A tradição reformada escocesa

O ramo escocês da teologia reformada nasceu imediatamente a partir da Reforma. Nos primeiros dias da Reforma, o teólogo e pastor John Knox (1514-1572) fazia parte de um grupo que tentava reformar a igreja da Escócia; todavia, esse envolvimento levou à sua prisão e, depois, ao exílio. Enquanto no exílio, ele viajou à base de operações de João Calvino em Genebra, na Suíça. Lá, Knox ficou fascinado pela doutrina da predestinação e, dizem alguns, tornou-se mais “calvinista” do que o próprio Calvino.
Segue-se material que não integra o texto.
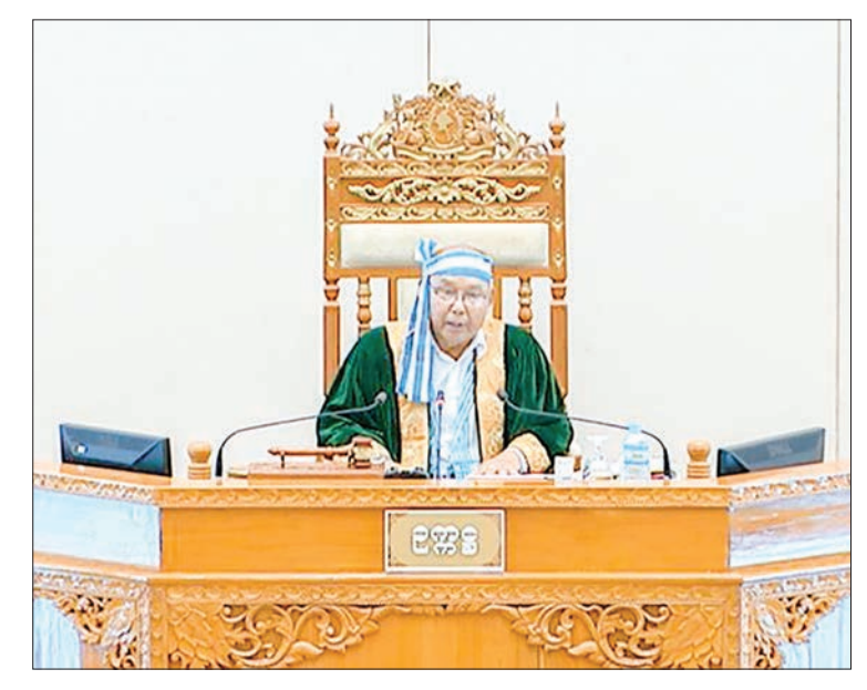
Amyotha Hluttaw Speaker Mahn Win Khaing Than.

At the meeting Naw Hla Hla Soe of Yangon Region constituency 10 raised a question on plan to raise Gender Sensitivity Awareness in Myanmar Police Force personnel. Deputy Minister for Home Affairs Maj-Gen Aung Thu replied that Gender

Knox, por fim, retornou e tornou-se a principal personagem na fundação da Igreja da Escócia, a qual representa a origem do Presbiterianismo.

As gerações subsequentes dentro da tradição teológica reformada escocesa (incluindo os puritanos ingleses, tais como Richard Baxter e John Owen) adquiriram a reputação de serem sombrios pregadores do inferno, de aplicarem severamente a disciplina eclesiástica enquanto investigavam a vida privada dos membros da igreja (isto é, por sua “tirania moral”), bem como de suprimirem as artes. Os teólogos americanos, tais como o grande Jonathan Edwards, também foram influenciados pela teologia e filosofia reformada escocesa e herdaram algumas dessas mesmas críticas. Embora haja provavelmente um pouco de verdade em cada uma dessas críticas comuns, tais práticas emergiram de situações culturais particulares e não deveriam ser as únicas medidas pelas quais a teologia reformada escocesa é julgada.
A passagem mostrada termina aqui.